昨日のノルマンディの話じゃないけど、この年になると(どの年だ?!)最終的にどこに住むかというのが、私の周囲でチラホラと話題になって来ている。
そう言えば、そのノルマンディの小さな村(ペリエールって名前)には、週末をバカンス気分で住むパリジャンだけでなく、本気で村に根ざそうとしている住人たちもいるそうだ。
例えば、農家を買い取り、村でパン屋を始めた夫婦たち。自分の畑を持ちそこでできた無農薬の小麦粉を、昔から村に伝わる石釜でパンを焼いているのだという。それを聞きつけて、遠くの町からもパンを買いにやって来る人が増えたらしい。
似たような話は、私の実家がある田舎の近くでもある。私も山道を進みながら、そこのパン屋までわざわざ買いに行ったことがある。そのとき、何を好き好んで、こんなド辺鄙なところに住んでいるんだろう?と思ったのを覚えているけど、彼らに取ってはここが快適で理想の土地だったわけだ。こんなふうに、自分が生まれた町にこだわらず、どこでも自分が好きな町に住む人が最近日本にも増えて来たのはいい傾向だと思う。
つまり、ふるさとや親や子どもに執着せず、それぞれが、「好き」をプライオリティに置けば、いい町が出来上がるんじゃないかな?
経済や刺激を優先する人は都会に住べばいいし、スローライフが好きな人は田舎だったり、放浪が好きな人は定着地を決めなければいいし…ね。
なら、自分はどうなのか?
都会のネオンも好きだし、のんびりまったりのスローな田舎もいい。森の穏やかさも好きだし、海の広さもいいし、空に手のとどく高い所もいい。

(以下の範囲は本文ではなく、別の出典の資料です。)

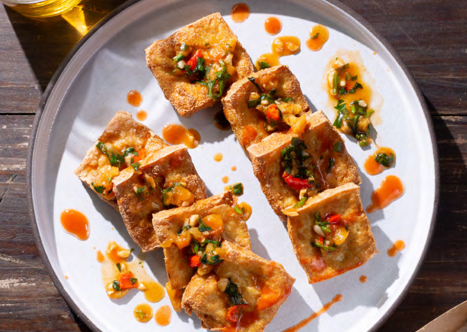 再加入剩余酱汁食材一起混合后淋在炸好的豆腐上即可摆盘享用

ほどよく都会で、ほどよく田舎で、森や海の自然もほどよく近場にあり、快適であれば尚、いい。
そう考えると…なんだ、今住んでいる場所じゃないか。
好きか嫌いかあんま考えたことなかったけど、意外と好きなところに住んでいるんだなあ〜と自分でも感心した。人は結局、好きな場所に流れつくのか?街はともかく、確かに今住むマンションの1室は、カンで選んだだけあって、だんだん愛着が湧いていて愛おしくなっている。
相方はなぜか、私の実家がある田舎も家もお気に入り。
さて、終の棲家はどこになるのやら…? ま、多少の変化はあれど、ふたりとも“心地いい”に関しては、敏感だから、きっとその「場」に落ち着くのでしょう。